24.4 Summary

The filtering process described in this chapter is superior to a less formalized analysis because all potentially useful data are extracted for examination. Less methodical approaches such as searching for specific keywords or extracting only limited file types may miss other important clues. Additionally, comparing the list of filtered files produced using different tools often highlights discrepancies such as incorrect MD5 calculations for some files and deleted files recovered by one tool and not the other. This type of tool validation is recommended for all cases to ensure that the maximum amount of useful data is extracted and that the examiner can explain any discrepancies between tools if the issue arises (e.g. in court).

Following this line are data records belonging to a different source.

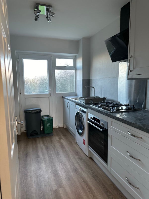 • Modern kitchen with fridge, oven, washing machine and appliances
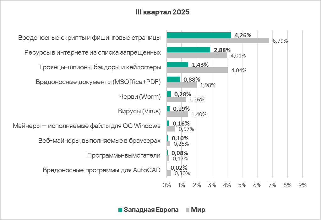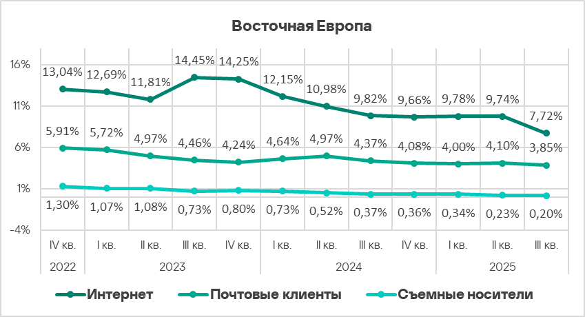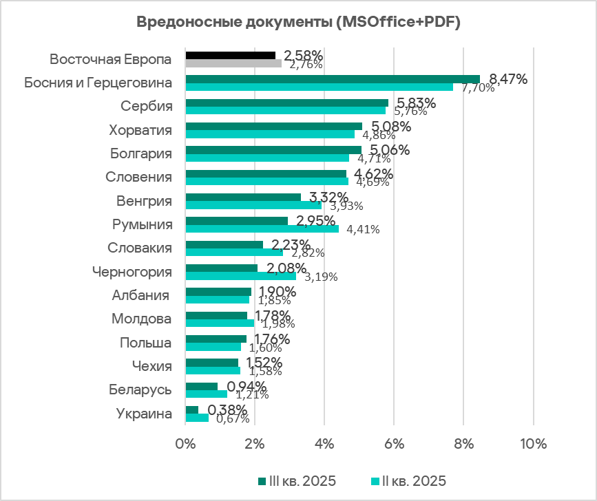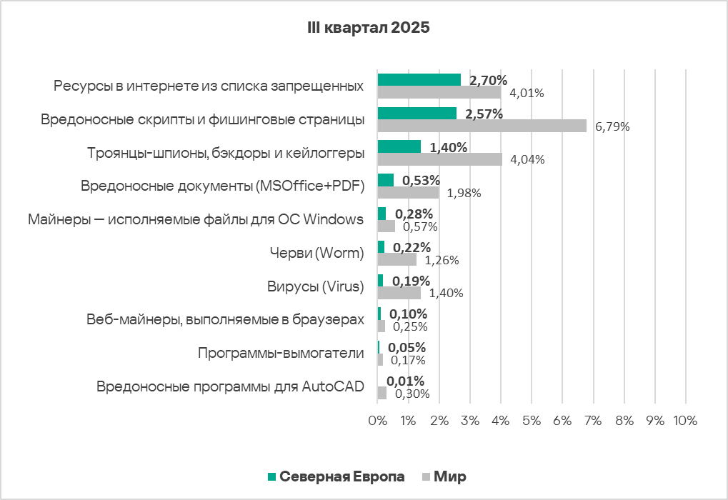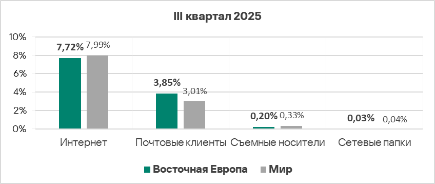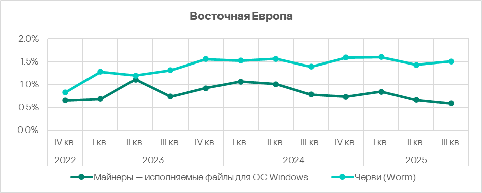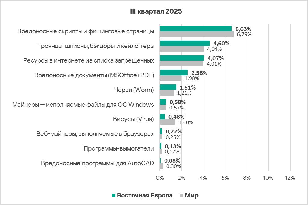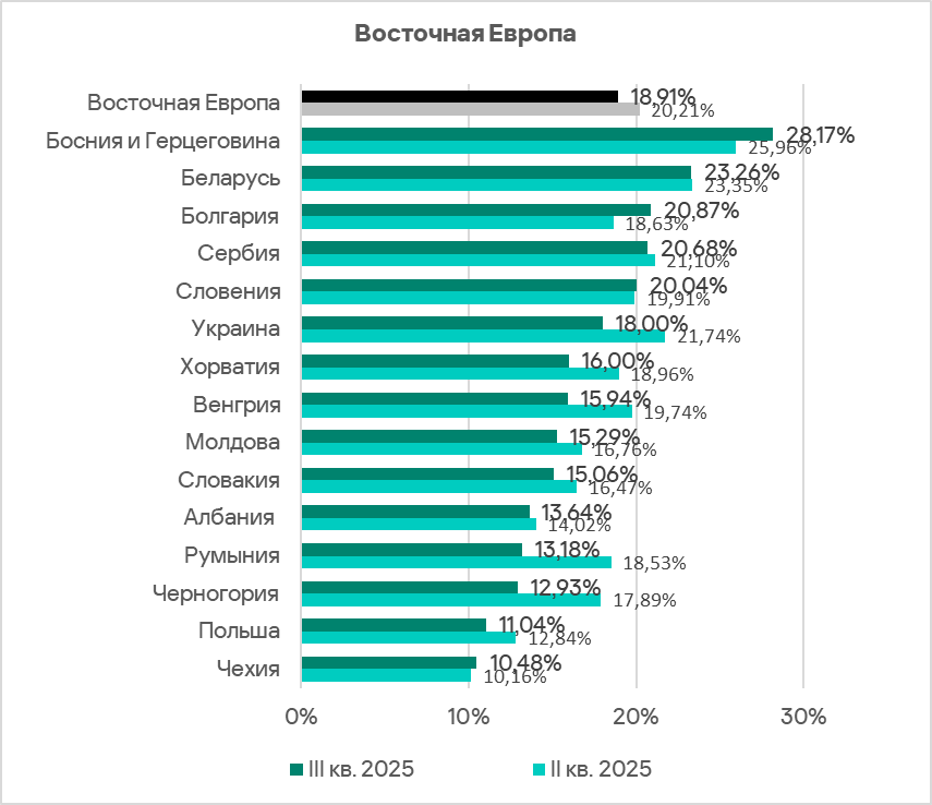 В третьем квартале 2025 года Восточная Европа заняла восьмое место в рейтинге регионов по доле компьютеров АСУ, на которых были заблокированы вредоносные объекты. Показатель Восточной Европы больше, чем в остальных европейских регионах.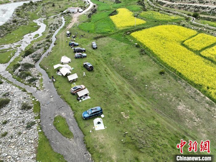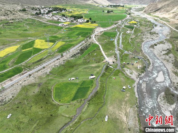 圖為市民在楚布溝里“過林卡”。(無人機(jī)照片)中新社記者 貢嘎來松 攝

Although the filtering process will enable investigators to gain a more complete understanding of the body of digital evidence, this is only the first stage in a thorough forensic analysis. Questions should arise in the investigator's mind while reviewing the evidence and, to answer these questions, it is usually necessary to examine specific aspects of the suspect systems. As discussed throughout the Handbook, there are many other system artifacts that can be useful in an investigation.

Each approach to filtering data has advantages and most people will find that it is desirable to combine command line and GUI approaches.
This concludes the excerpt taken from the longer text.